Filling the shoes of Giorgio Armani is not for the faint of heart, but a slightly less complex task when done by someone who knows his namesake brand from the inside out. That is the case with Silvana Armani, Mr Armani’s niece and the current creative director of womenswear at the Giorgio Armani group, a role she proudly took over after her uncle’s passing in September last year.
Silvana Armani’s first-ever show for the Italian house as solo creative director was Armani Privé Spring Couture 2026, although she has been part of the team for over four decades. Critically praised, the show highlighted lightweight, feminine-centred pieces, adding a touch of ease to often strict couture garments.

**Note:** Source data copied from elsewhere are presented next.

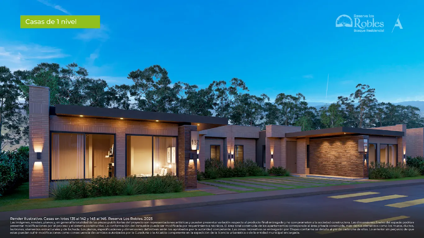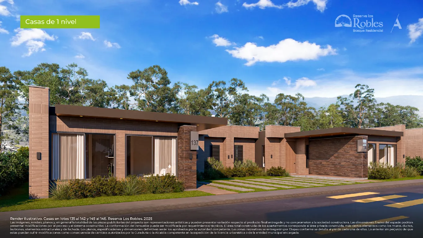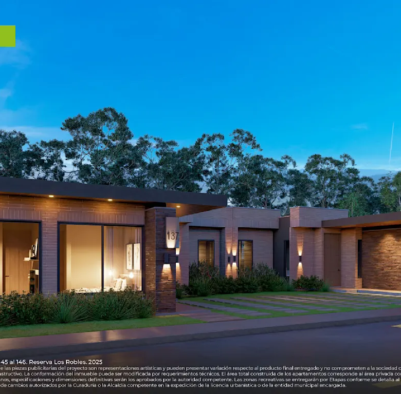 El proyecto Reserva los Robles consta de casas y lotes campestres en Cajicá, Cundinamarca, a las afueras de Bogotá, y hace parte del macroproyecto Bosque Residencial, que hoy ya es una realidad. Este proyecto está especialmente diseñado para ofrecer una mejor calidad de vida a sus residentes y se caracteriza por su variedad de espacios, logrando ser un hogar que crece contigo.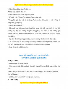 GIỮ GÌN CẢNH ĐẸP QUÊ HƯƠNG I. MỤC TIÊU: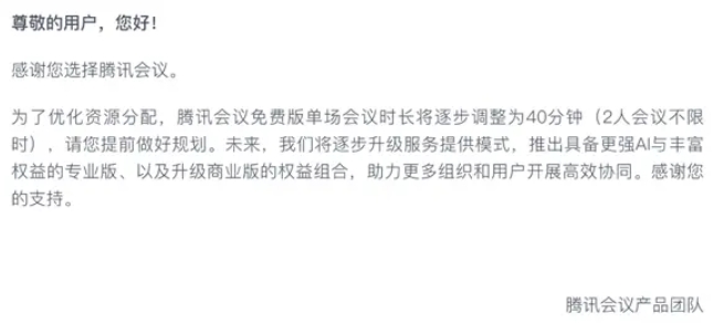 騰訊會議免費時長將縮短至40分鐘:2人會議不限時

Past the pressure of the debut, Fall/Winter 2026 was the Italian designer’s chance to establish another facet of her own vision for the label. Simple yet elegant, practical yet sophisticated, the collection proved the state of continuity of the brand, without leaving any of Mr Armani’s fundamental work behind.
Giorgio Armani's shows typically follow an order, starting with casual, everyday, and tailored pieces that tend to progress to elaborate garments and eveningwear through both materiality and detailing. This time, a pair of models inaugurated the catwalk, twinning in sharp tailored grey cashmere suits and trousers, which only differed by the animal-themed red brooch each of them carried – beginning with a lion’s head, then a crab, to represent Silvana and Giorgio’s star signs, respectively.

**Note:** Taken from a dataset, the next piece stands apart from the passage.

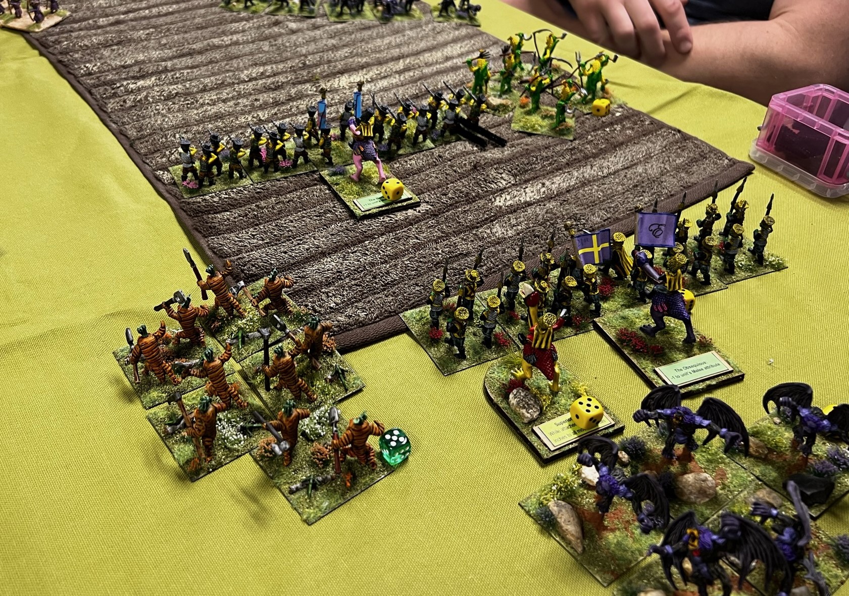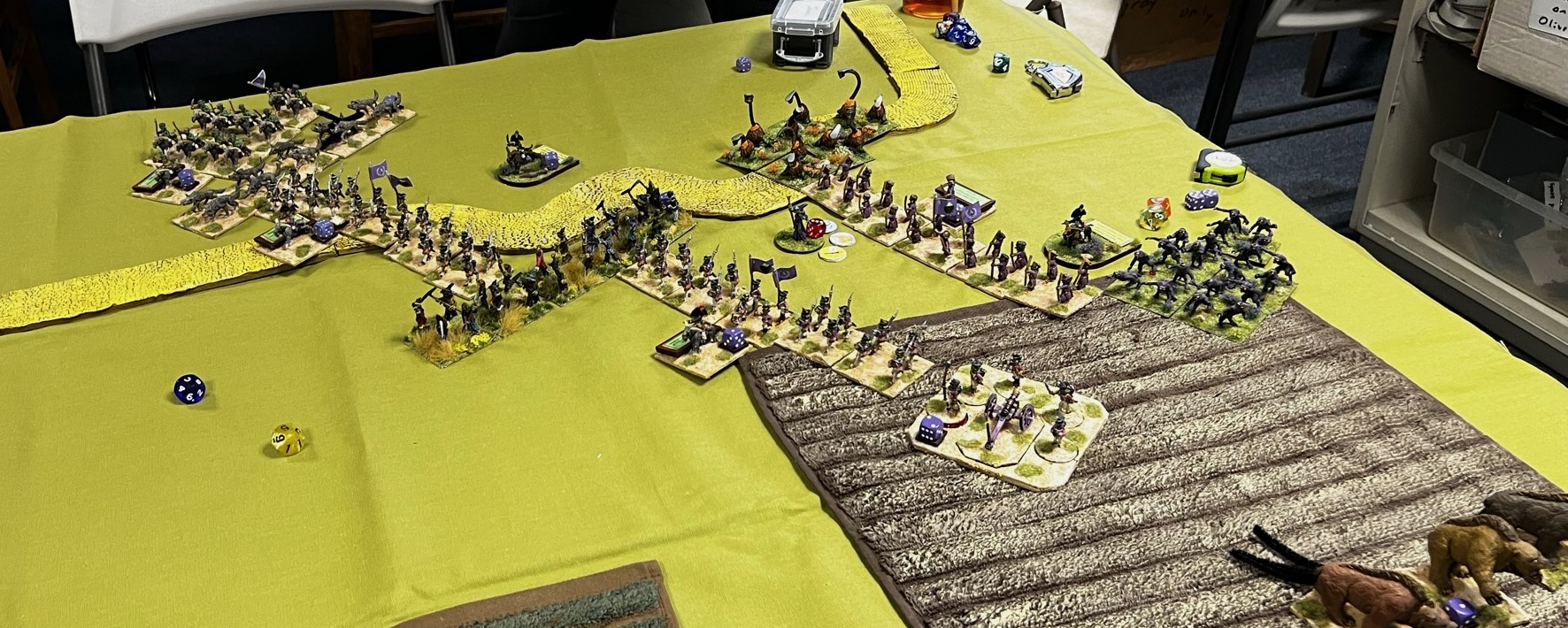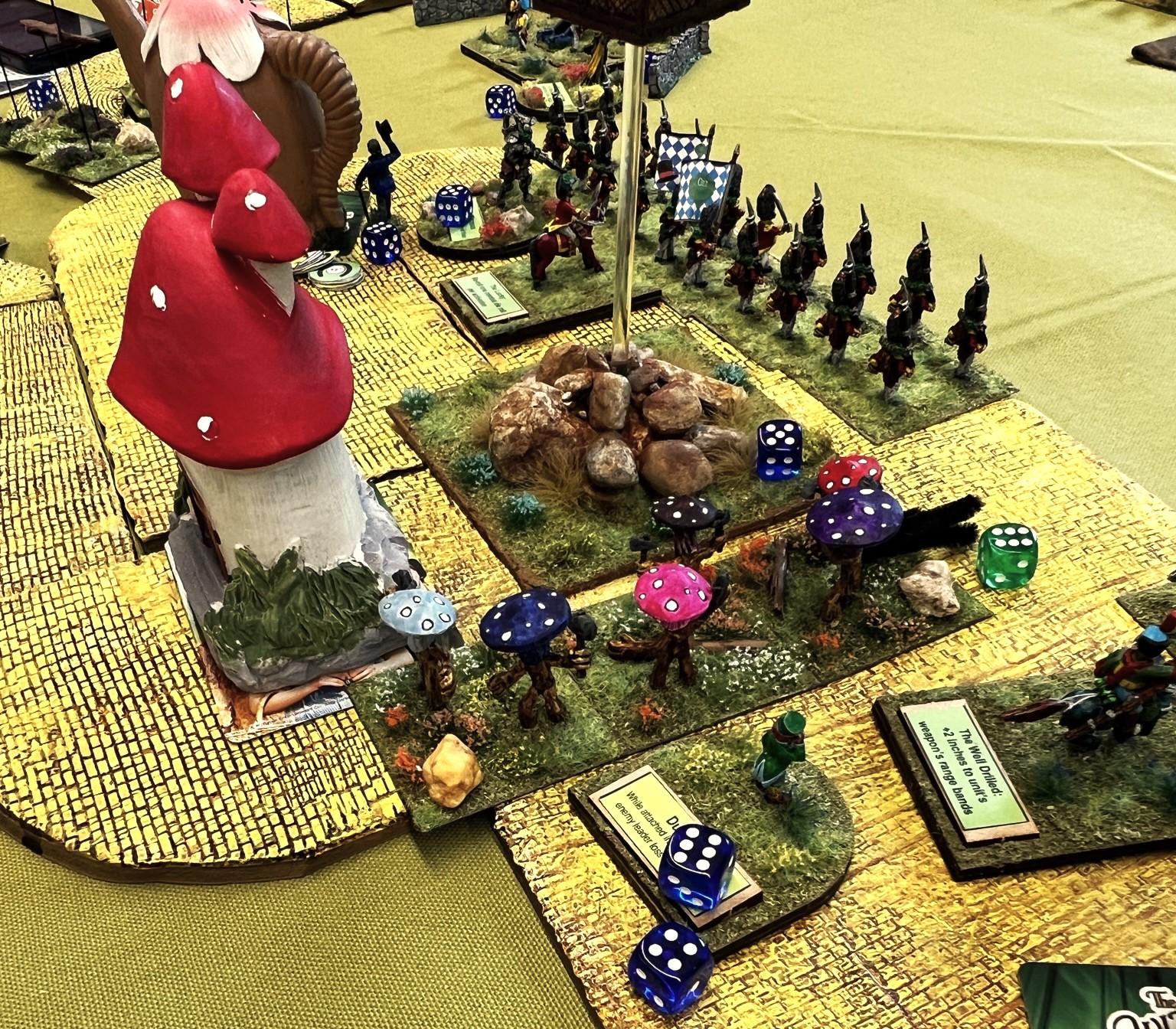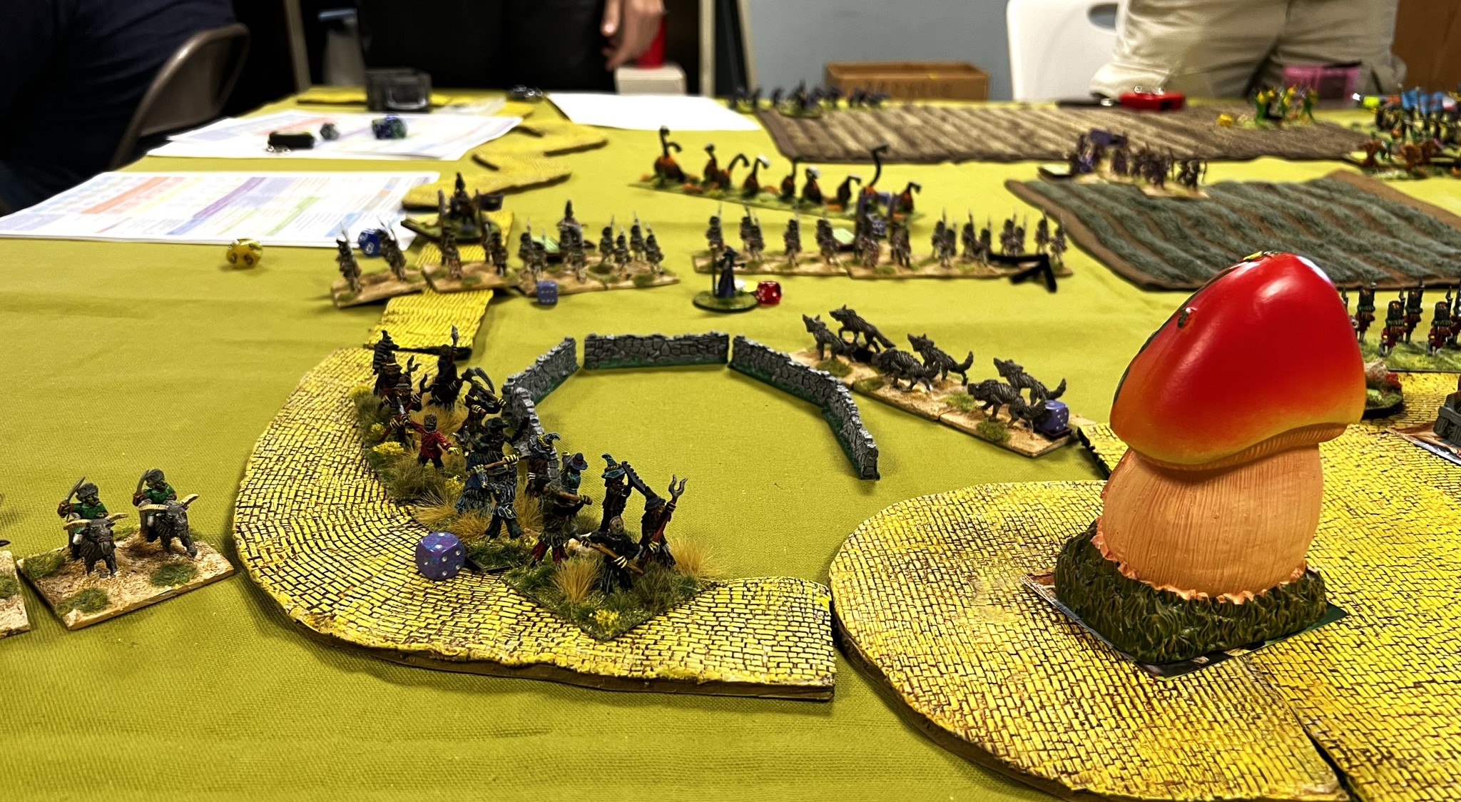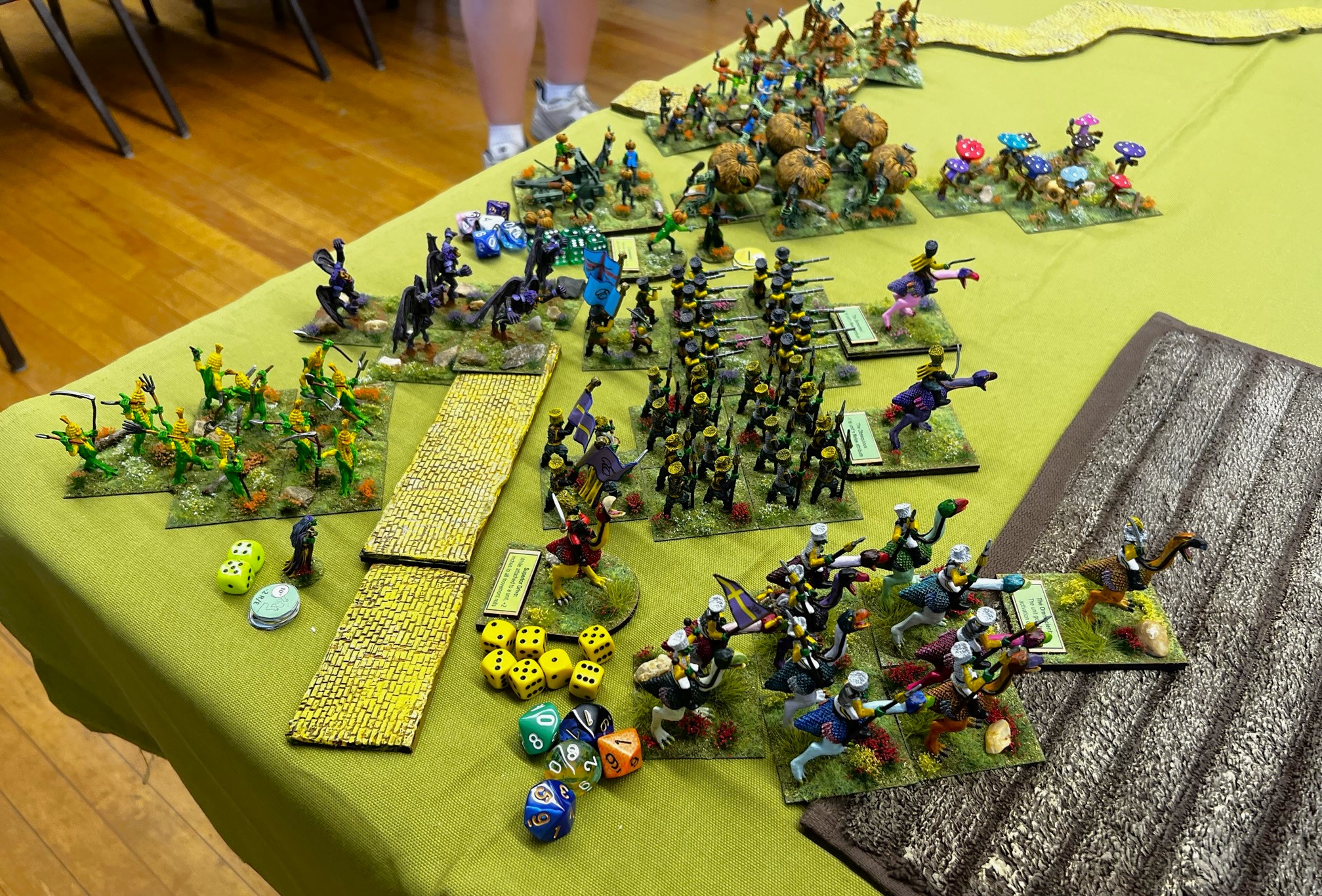Both Munchkin flanks had now been compromised – and as the Gillikin Goat Riders were in the process of routing the Great Owls, things were not looking up for the Munchkins. At 2 PM we rotated in new players to take over.

From then on, long coats in wool and silk, classic-cut blazers, and a few knitwear numbers, most of them styled with slouchy, white trousers and a thin burgundy belt, embodied Silvana Armani’s eye for comfort and wearability.
Additional renditions of the same looks, yet in different colours, appeared throughout the show, always presented by a duo of models walking side by side. Mr Armani's signature deep blue shade – the so-called azure tone – materialised in velvet sets, embroidered jumpsuits, kimonos worn over printed trousers, and draped dresses and tops, a reference to the label’s archives and his vigorous use of Eastern Asian motifs.
Inspired by the hues of dawn, the colour palette was delicate. Jade and blush tones, previously seen on couture, made a comeback for ready-to-wear, complemented by burgundy, gradient purples and greys. Silvana Armani’s appointment marks a new chapter at the house, the company's first with a female designer as the creative lead, and desired by those who crave clothes to live in.